Exercise details »
I'd like the entire listing output verbatim, apart from the pictures.

Recorded data »
▼▼▼

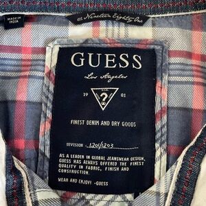 GUESS (Los Angeles) Men’s Blue/Red Plaid Button Up Two Pocket Shirt-Size L
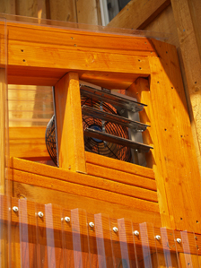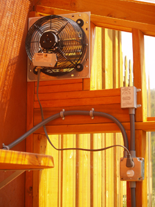 I chose the recommended size fan (10" dia. @ 1500 rpm) that moves 800 cfm of air (cubic feet per minute) which is the size of the greenhouse. I hard-wired it in so it's connected to a switch inside the greenhouse and a breaker in the electrical panel nearby. (They DO make fans with plug-in cords so that's an option.) I wired in an adjustable thermostat so the fan will go on when the temperature inside reaches 80 degrees.
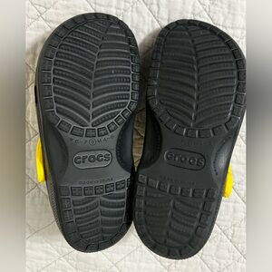 These are NFL Pittsburg Steelers Crocs in a size Women's 6-7 (M 4/5) in Black & Gold color. The style is a slide-on design made of rubber material, suitable for both men and women. The Crocs come with Jibbitz accessories and feature the NFL Pittsburg Steelers as the character family theme. These Crocs are new without tags.
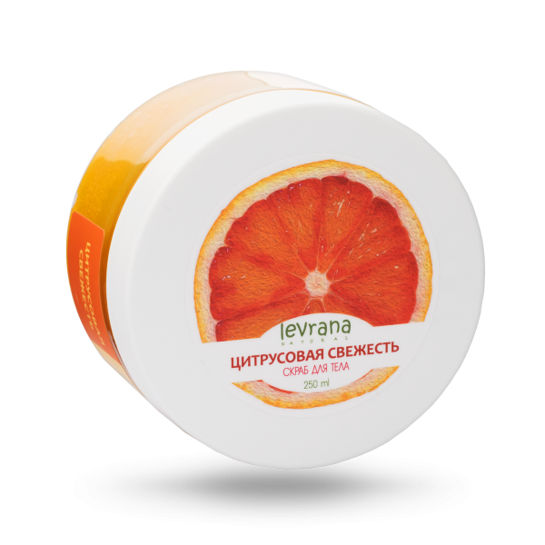 В основе скраба «Цитрусовая свежесть» — морская соль. Увлажняющее действие оказывает масло облепихи и виноградной косточки. Скраб обладает освежающим ароматом цитруса.

▲▲▲

Result for this exercise »
 GUESS (Los Angeles) Men’s Blue/Red Plaid Button Up Two Pocket Shirt-Size L
 I chose the recommended size fan (10" dia. @ 1500 rpm) that moves 800 cfm of air (cubic feet per minute) which is the size of the greenhouse. I hard-wired it in so it's connected to a switch inside the greenhouse and a breaker in the electrical panel nearby. (They DO make fans with plug-in cords so that's an option.) I wired in an adjustable thermostat so the fan will go on when the temperature inside reaches 80 degrees.
 These are NFL Pittsburg Steelers Crocs in a size Women's 6-7 (M 4/5) in Black & Gold color. The style is a slide-on design made of rubber material, suitable for both men and women. The Crocs come with Jibbitz accessories and feature the NFL Pittsburg Steelers as the character family theme. These Crocs are new without tags.
 В основе скраба «Цитрусовая свежесть» — морская соль. Увлажняющее действие оказывает масло облепихи и виноградной косточки. Скраб обладает освежающим ароматом цитруса.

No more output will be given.